Any specific reason why a callback-based system was chosen?

Alternative would be SDL_ReadIOAsync, etc. returning a handle on which the application could poll to ask if the operation was finished. This is the interface I have in my engine, and I feel it is more natural for loading screens, etc. (store handles for all in-flight operations in an array, iterate and poll every frame, keep showing the loading screen unless all return DONE).

With callback based system, this gets complex (maintain a multithread-safe hash-table for all operations, callback sets the value DONE for asset ID as key, application iterates over the hash table); especially if the platform layer and game layer are reasonably decoupled.

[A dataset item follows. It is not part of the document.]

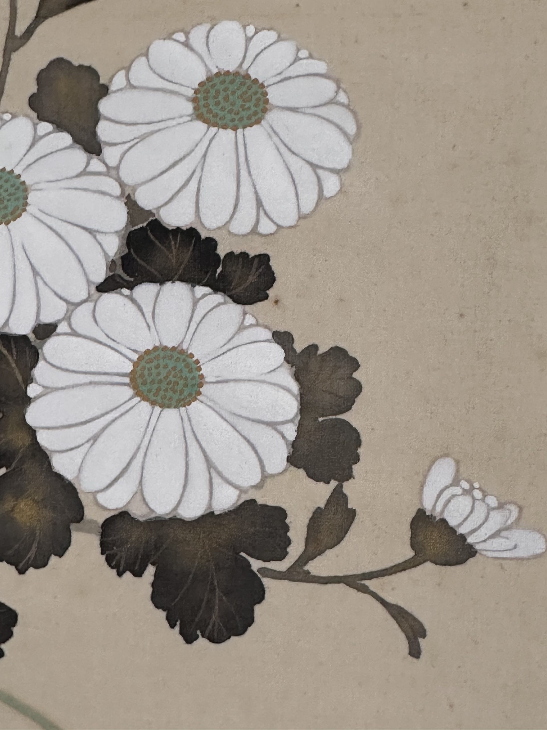 | Title | “Chrysanthemums and Flowing Water”/Color on silk |

namandixit avatar Aug 28 '24 02:08 namandixit

This is one of those "you can't please everyone" things. I started with a poll interface and was asked to change it to callbacks.

You could just have an array of bools and have the callback set each one to true as pieces finish loading, and each frame check for true instead of DONE...or something like that.

icculus avatar Aug 28 '24 03:08 icculus

This generally looks good. Is there going to be WriteFileAsync()? What's the interaction with storage?

slouken avatar Aug 28 '24 03:08 slouken

Looks pretty good. Do have some input

  • There are limited threads for i/o (currently (SDL_GetCPUCount * 2) +1 at most)

While this is probably fine heuristically, I would probably add a hard maximum of 64. There's a lot of people gaming on old workstations that would exceed that cap and be unlikely to benefit from more in the typical case of I/O on a single drive.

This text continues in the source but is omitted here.